The Lost City: Homage to Aleppo
From ‘After Aleppo,’ Jehan Bseiso, 14.1.15
There is no greater nor more harrowing drama on our watch, than the slow death of the great city of Aleppo.
Jan Egeland, Norwegian Refugee Council, 2015
In the hills around Aleppo the wild grasses that homo sapiens first cultivated twelve millennia ago still bear seed; except now they’re springing up amongst the rubble of a fallen city. According to Francesca Borri, a journalist who lived through two years of relentless bombardment: ‘Aleppo is nothing but rubble.’

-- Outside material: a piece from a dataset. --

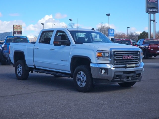Recent Arrival! Red Rock GMC proudly offers this 2017 GMC Sierra 2500HD SLE 4WD in White. It comes well equipped with these standard and optional features. Sierra 2500HD SLE, 4D Crew Cab, Vortec 6.0L V8 SFI Flex Fuel VVT, 6-Speed Automatic HD Electronic with Overdrive, 4WD, White, Dark Ash/Jet Black w/Cloth Seat Trim.

One of the earliest of human settlements on the River Queiq, the city we know as Aleppo expanded into a major trading centre thanks to its commanding position on the old Silk Road. In Arabic, its name is Halab, meaning ‘milk’ – here, so legend goes, the patriarch Abraham gave milk from his cow to needy locals. Remains of a structure dating back to 3000 BCE, possibly a temple for the storm god Hadad, have been unearthed on Aleppo’s Citadel Hill, older than other ruins dating back to the era of Greek occupation, following Alexander’s conquest in 333 BCE.
Aleppo’s ancient monuments have been heritage listed: the old city became a UNESCO World Heritage Site in 1986. But now, after the years of war and aerial bombing, with no heed taken of UNESCO’s warnings, most have been destroyed.
Thousands of ordinary homes are also lost: unit blocks, hostels and boarding houses, and traditional dwellings which typified the ‘elegance of a Syrian home, the carpets, the rose-filled courtyards and pastel painted tiles, the wrought iron lamps – you have to have seen all that, of which nothing remains but photographs on cell phones …to understand the hopelessness of this regression to the Stone Age.’
No words of sympathy can be adequate; there is no earthly way to console those who mourn Aleppo and its people.